• [YOUR OBJECTIVE]: In the entries below, the lines from the one with "ほとんどの児童はデジカメでの" through the one with "- Подача фильтрованной" are to be copied exactly; both ends count.

• [EXERCISE INPUTS]:

* * * * *

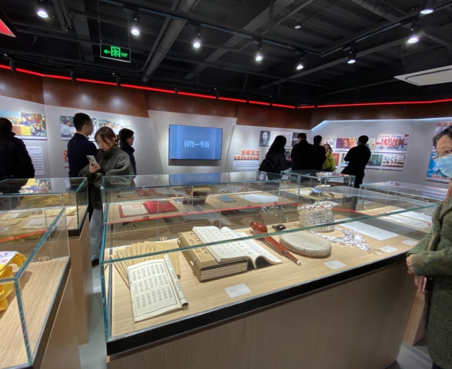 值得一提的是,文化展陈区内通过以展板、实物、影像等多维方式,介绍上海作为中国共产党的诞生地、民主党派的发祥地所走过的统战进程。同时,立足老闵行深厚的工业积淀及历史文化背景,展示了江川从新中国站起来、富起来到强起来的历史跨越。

* * * * *

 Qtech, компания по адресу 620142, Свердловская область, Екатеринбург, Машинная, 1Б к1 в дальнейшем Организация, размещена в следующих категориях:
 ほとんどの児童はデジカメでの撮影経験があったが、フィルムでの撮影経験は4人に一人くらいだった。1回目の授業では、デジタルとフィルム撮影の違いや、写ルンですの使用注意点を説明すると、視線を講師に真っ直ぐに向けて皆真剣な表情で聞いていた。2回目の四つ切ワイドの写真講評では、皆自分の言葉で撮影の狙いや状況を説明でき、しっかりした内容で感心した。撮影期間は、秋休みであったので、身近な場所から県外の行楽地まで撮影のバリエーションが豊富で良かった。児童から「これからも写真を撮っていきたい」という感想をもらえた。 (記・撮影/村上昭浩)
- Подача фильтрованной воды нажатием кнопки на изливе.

* * * * *

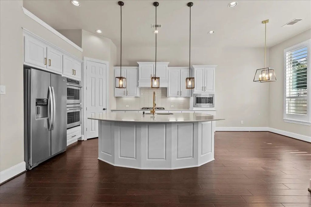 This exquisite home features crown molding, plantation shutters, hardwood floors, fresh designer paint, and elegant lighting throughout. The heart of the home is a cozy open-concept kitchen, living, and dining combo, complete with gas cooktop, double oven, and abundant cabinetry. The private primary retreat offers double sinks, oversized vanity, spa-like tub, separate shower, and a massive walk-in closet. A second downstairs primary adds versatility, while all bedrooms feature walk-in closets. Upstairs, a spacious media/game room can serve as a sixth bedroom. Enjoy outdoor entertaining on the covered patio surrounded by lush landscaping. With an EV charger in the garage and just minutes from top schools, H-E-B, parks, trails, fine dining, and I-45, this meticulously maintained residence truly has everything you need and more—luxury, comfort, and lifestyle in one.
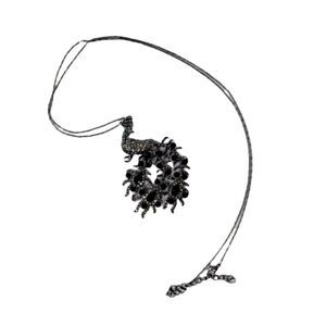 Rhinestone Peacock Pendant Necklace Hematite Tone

* * * * *

• [SOLUTION TO THIS PROBLEM]:
 ほとんどの児童はデジカメでの撮影経験があったが、フィルムでの撮影経験は4人に一人くらいだった。1回目の授業では、デジタルとフィルム撮影の違いや、写ルンですの使用注意点を説明すると、視線を講師に真っ直ぐに向けて皆真剣な表情で聞いていた。2回目の四つ切ワイドの写真講評では、皆自分の言葉で撮影の狙いや状況を説明でき、しっかりした内容で感心した。撮影期間は、秋休みであったので、身近な場所から県外の行楽地まで撮影のバリエーションが豊富で良かった。児童から「これからも写真を撮っていきたい」という感想をもらえた。 (記・撮影/村上昭浩)
- Подача фильтрованной воды нажатием кнопки на изливе.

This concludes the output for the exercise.